Seminggu setelah Dekrit 5 Juli 1959, Sukarno mengumumkan kabinetnya yang baru, menggantikan Kabinet Juanda yang mengemba-likan mandatnya pada 6 Juli 1959. Kabinet Juanda adalah kabinet peralihan dari periode Demokrasi Parlementer ke periode Demokrasi Terpimpin. Dalam Kabinet Sukarno ini, Juanda tetap diberi posisi penting, yaitu sebagai Menteri Pertama, yang tugasnya tidak banyak berbeda dengan tugas Perdana Menteri. Kabinet baru di bawah payung UUD 1945 ini diberi nama Kabinet Kerja. Kabinet inilah yang kemudiana bekerja dan bertugas melaksanakan gagasan Sukarno dalam bentuk Demokrasi Terpimpin. Demokrasi gaya baru ini, yang digagas Sukarno, demikian dinyatakan Syafii Maarif (1998:49), telah mebawa Sukarno ke puncak kekuasaannya. Namun demikian, karena fondasinya yang tidak kokoh, sistem itu pulalah yang yang pada akhirnya membawa Sukarno pada akhir kekuasaannya. Sekitar enam setengah tahun (1959-1965) sistem ini beroperasi dalam sejarah kontemporer Indonesia. Dalam pandangan Syafii Maarif (1988:50), Demokrasi Terpimpin dalam prakteknya adalah sistem politik dengan baju demokrasi tapi minus demokrasi. Mengapa semuanya bisa terjadi? Salah satu penjelasan untuk ini mungkin dapat ditelusur pada praktik politik masa demokrasi liberal, di mana partai-partai begitu berkuasanya hingga kepentingan negara secara keseluruhan sering kali tidak diperdulikan. Sebagai negara yang baru merdeka, Indonesia memang harus jatuh-bangun dalam kerja uji coba sistem demokrasi. Penjelasan lain mengapa harus Demokrasi Terpimpin dapat dicari pada kenyataan bahwa Sukarno tidak mau lagi menjadi tukang stempel, dalam arti seorang presiden simbol, demikian istilah yang digunakan Syafii Maarif (1988:51). Hal tersebut memang tercermin pada ketentuan yang ada dalam UUDS 1950 yang menjadi dasar konstitusional bagi pelaksanaan demokrasi parlementer di Indonesia. Pendek kata, ia ingin memiliki kekuasaan langsung dalam memimpin pemerintahan. Pengertian agak rinci tentang Demokrasi Terpimpin dapat ditemukan dalam pidato kenegaraan Sukarno pada HUT Kemerdekaan RI tahun 1957 dan 1958, yang pokokpokoknya sebagai berikut.
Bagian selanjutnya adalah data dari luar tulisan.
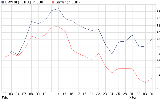 Daimler ist vorsichtig optimistisch, schätzt die Lage der Automobilbranche ähnlich ein. Vorteil für Daimler allerdings ist, dass der EADS-Verkauf wohl voran kommt und Geld in die Kasse spülen wird, zudem die Lage bei den Nutzfahrzeugen günstiger aussieht als bei den PKWs. LKWs und Busse werden 2011 u.U. besser verkauft als PKWs. Bei den Nutzfahrzeugen ist Daimler weltweiter Marktführer und investiert, wie berichtet wird, in Indien (Einführung eines neuen LkW). Die Abhängigkeit vom chinesischen Markt wird so gemindert. Zudem hat Daimler vor, mit Krauss-Maffei zu kooperieren. Insgesamt scheint Daimler damit wohl doch besser aufgestellt zu sein als BMW mit Mini, Motorrädern und Rolls-Royce. Das Kurspotential bei BMW scheint für 2011 begrenzt, während das von Daimler wohl noch nicht voll ausgeschöpft ist. Die Kurse beider Aktien könnten sich somit eher noch angleichen als auseinander zu streben.

1. Ada rasa tidak puas terhadap hasil-hasil yang dicapai sejak tahun 1945, karena belum mendekati cita-cita dan tujuan proklamasi seperti masalah kemakmuran dan pemerataan keadilan, belum utuhnya wilayah RI, dan instabilitas nasional yang ditandai jatuh-bangunnya kabinet sampai 7 kali. 2. Kegagalan tersebut disebabkan menipisnya rasa nasionalisme, pemilihan demokrasi liberal yang tanpa pemimpin dan tanpa disiplin, suatu demokrasi yang tidak cocok dengan kepribadian Indonesia, serta sistem multi partai yang didasarkan pada Maklumat Pemerintah 3 November 1945, yang ternyata partaipartai itu digunakan sebagai alat perebutan kekuasaan dan bukan sebagai alat pengabdi rakyat. 3. Suatu koreksi untuk segera kembali kepada cita-cita dan tujuan semula, harus dilakukan dengan cara meninjau kembali sistem politik. Harus diciptakan suatu sistem demokrasi yang menuntun untuk mengabdi kepada negara dan mengabdi kepada bangsa dan yang beranggotakan orang-orang jujur. 4. Cara yang harus ditempuh untuk melaksanakan koreksi tersebut adalah: a. Mengganti sistem free fight liberalism dengan Demokrasi Terpimpin yang lebih sesuai dengan kepribadian bangsa Indonesia. b. Dewan Perancang Nasional akan membuat blue-print masyarakat yang adil dan makmur. c. Hendaknya Konstituante tidak menjadi tempat berdebat yang berlarutlarut dan segera menyelesaikan pekerjaannya agar blue-print yang dibuat Depernas dapat didasarkan pada konstitusi baru yang dibuat. d. Hendaknya Konstituante meninjau dan memutuskan masalah Demokrasi Terpimpin dan masalah kepartaian (Mhafud MD, 2003: 55). Pada masa Demokrasi Terpimpin, ‘politik adalah panglima’, sehingga masalah ekonomi tidak pernah dipikirkan secara serius oleh pemerintah. Masalah politik yang mengemuka pada masa itu adalah konfrontasi dengan Malaysia dan usaha pengembalian Irian Barat. Oleh karena itu, pada tahun 1965 inflasi mencapai 650%. Dilakukan devaluasi



rupiah dari nilai Rp. 1.000, turun menjadi Rp. 1, uang baru. Sistem Demokrasi Terpimpin mungkin masih 13 akan bertahan beberapa waktu lagi sekiranya Gerakan 30 September tidak terjadi. at Konstituante. Kegagalan gerakan ini telah membawa Sukarno dengan sistem Demokrasi Terpimpimnya menuju pada kehancuran politiknya secara total. Manipol-USDEK yang sebelumnya dibela oleh semua golongan politik, mulai mendapatkan celaan dan ditinggalkan.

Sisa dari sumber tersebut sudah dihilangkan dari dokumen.